TOO LATE FOR DREAMS?
Around the same time I bought my new wall clock, I was wrestling with a major career decision: Should I leave a stable, full-time job to focus on completing my PhD studies?
Some people thought I was out of my mind, pursuing “dreams” at this age and stage of my life. Some thought I was jeopardising my children's well-being.
I knew I wanted to pursue my studies, but I was terrified. What if the naysayers and doubters were right?
I sought advice from a trusted mentor, who wisely told me we ought to be "strategic about the time and tasks" we have on Earth to fulfil the callings given to us.

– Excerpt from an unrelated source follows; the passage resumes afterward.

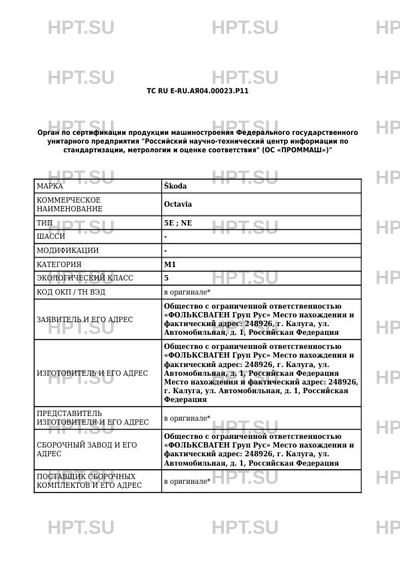 | Номер документа | ТС RU Е-RU.АЯ04.00023.Р11 |

That line shot right into my heart. The very next morning, I decided to take a leap of faith and leave my full-time position.
A few months on, I can say that it has been one of the most powerful decisions I’ve ever made in my life. I’m acutely aware of a renewed sense of purpose, not just in my career, but my life.
NO OVERTIME
Time is indeed costly – both literally and figuratively.
I know this well, but I still struggle with procrastination every day (“I’ll exercise when I have more time”, “I’ll clear out the storeroom later”). Most Sunday nights, I reflect on my past week and find myself wishing I had made better use of my time.
These days, when I look at my beautiful wall clock, I no longer resent myself for it. I see it now as a reminder of how precious and ephemeral time is.
I plan celebrations ahead of time, no matter how big or small. I’ve stopped rushing through my meals in front of my work laptop, instead taking time to enjoy and savour every bite.
Instead of squeezing them in where free pockets of time pop up, I schedule my new "non-negotiables" into my calendar – fitness time, couple time, one-on-one dates with my children.
I’ve been making it a point to schedule things just for me, too: Exploring a new genre of music or books, checking out new recipes, learning a new craft. Things that may not be “productive” but give me joy.
Of course, like any gift, we don’t have to appreciate time to its fullest, but if we’re prepared to waste it, we must also be prepared for the painful consequences.
For each of us, the clock is always ticking. Extra time is never given to us. We have to learn to take it – to make decisions and actions to choose ourselves and our loved ones.
And to you, dear reader, I hope you don’t have to buy an expensive clock of your own to appreciate this message. (Unless you want to, that is.)
Yvonne Kong-Ho is an associate faculty in a university. She is also pursuing PhD studies part-time.